Есть желающие подсуетиться и насчет восстановления монархии…
«Вам что, делать нечего?!» — сказал барон Эдуард Александрович фон Фальц-Фейн-Епанчин 1 на любезный вопрос, как он, барон фон Фальц-Фейн-Епанчин, относится к восстановлению монархии в России.
Хорошо бы возродить закрывшиеся за последние пять лет библиотеки города, загородные лагеря и детсадовские дачи за городом, многообразную деятельность дворцов культуры, есть что возрождать — тот же туризм, доступные для каждого поездки на Валаам и в Кижи… И производство возродить, и науку, и образование.
Наивно же надеяться, что в результате объявленного «возрождения» появится новый Пушкин, приедет новый Растрелли или Трезини. Афины с таким же успехом могут ждать нового Фидия и Поликлета.
Вот уж если кого и ждать, так нового Гомера!
Какими чудесными, необыкновенными, яркими, слепящими, останавливающими дыхание своей откровенностью и назидательностью иносказаниями пронизана история этого города… И новый Гомер будет знать, чем же эта история кончилась.
Где, когда, под чьей рукой, на чьем компьютере соберется воедино и явится в ошеломляющем блеске, как драгоценное предание, этот фантастический, невероятный, навсегда уходящий от нас город!
Вот он, перед вами, ниже воды, периодически его затапливающей, но почему же с этих низин видно так далеко, как не видно ни с Уральских гор, ни с Кавказских и даже с Воробьевых?
РАДУЕТСЯ ДИТЯ Подготовленная к жизненному поприщу духовником о. Дубянским и французским танцмейстером Рамбуром, напуганная лейб-лекарем Лестоком и французским посланником Де ля Шетарди, дескать, вот-вот заточат ее в монастырь, тридцатидвухлетняя дочь Петра Первого, Елизавета, в ночь на 25 ноября повела прирученных ею гвардейцев на штурм Зимнего дворца. Счастливый месяц для Зимнего дворца — ноябрь! Вот и Бирона здесь взяли в прошлом году 9 ноября. А сейчас на дворе год 1741-й.
Слезно и клятвенно уверенные Елизаветой накануне в верности малолетнему императору Ивану Шестому, родители легитимного царя, правительница Анна Леопольдовна и неизвестно за какие заслуги и доблести пожалованный в генералиссимусы русского войска двадцатисемилетний муж правительницы, Антон Ульрих, были схвачены среди ночи в постелях.

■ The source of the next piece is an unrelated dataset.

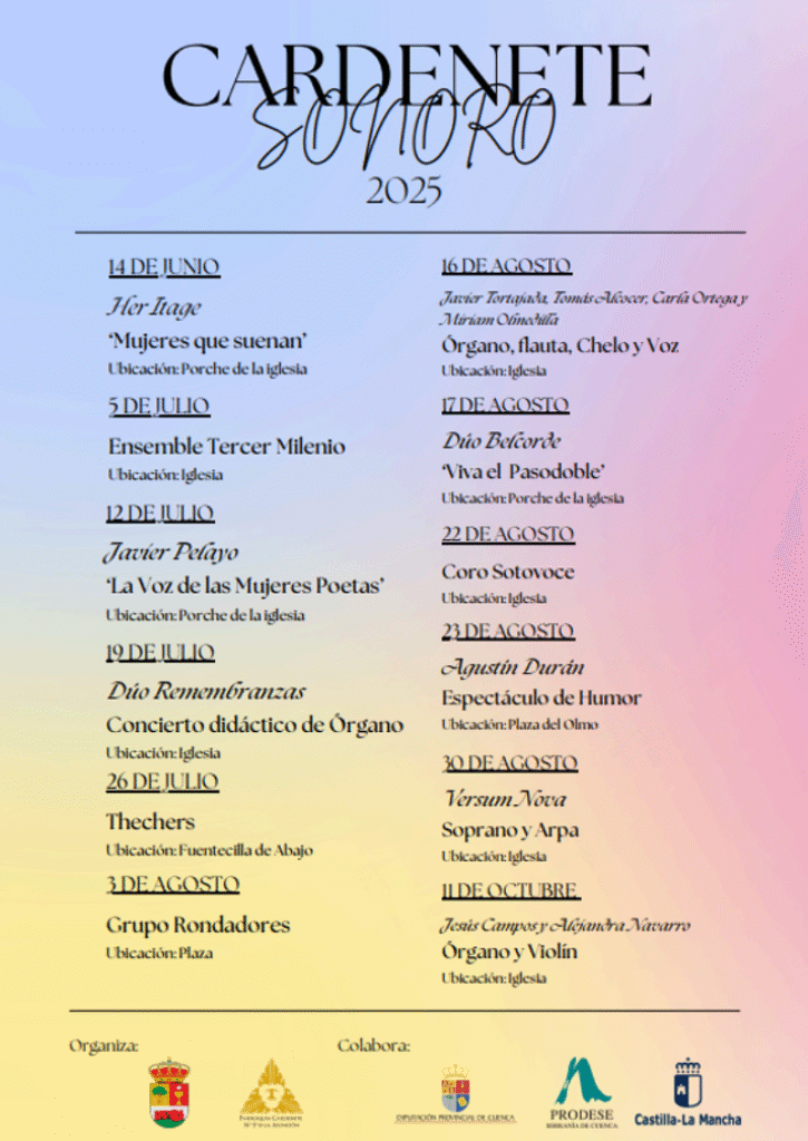 Cardenete Sonoro 2025 continúa así consolidándose como uno de los referentes culturales del verano conquense, al conjugar tradición y contemporaneidad en un entorno patrimonial singular.

Власть над Россией гипнотизирует ее носителей, порождает в них иллюзию собственной силы, в том числе и умственной, поэтому с такой готовностью они идут в ловушки, для них приготовленные. Полудикая Анна Леопольдовна в этом случае мало чем отличается от умудренных в дворцовых интригах Бориса Годунова или Василия Шуйского, не говоря уже о Павле Первом накануне убийства, Николае Втором накануне свержения, Сталине накануне войны, Хрущеве, Горбачеве… кто следующий?
Годовалый император был добыт непосредственно из колыбели и как драгоценный трофей передан кормилицей с рук на руки дщери Петровой, Елизавете Петровне, начавшей в эту счастливую для нее ночь свое веселое двадцатилетнее царствование.
Санный поезд с низвергнутым и захваченным в плен императором, отторгнутым от кормилицы и родителей, двинулся от Зимнего дворца в штаб дворцовой революции, разместившийся непосредственно в собственном дворце цесаревны Елизаветы.
Ночь, растревоженная беготней по городу двух десятков вельможных заговорщиков да трех сотен гвардейцев, призванных для доказательства исторической правоты заговора, выманила на улицу множество любопытствующей бессонной публики. Взятие Зимнего дворца через сто семьдесят шесть лет вызовет у обывателей куда меньший интерес.
Несмотря на темень и холод, народ в ту ночь быстро пронюхал, что произошло, признал в скачущей в первых санях Елизавете свою новую благодетельницу, повелительницу, одним словом, «матушку», и вопил «ура!».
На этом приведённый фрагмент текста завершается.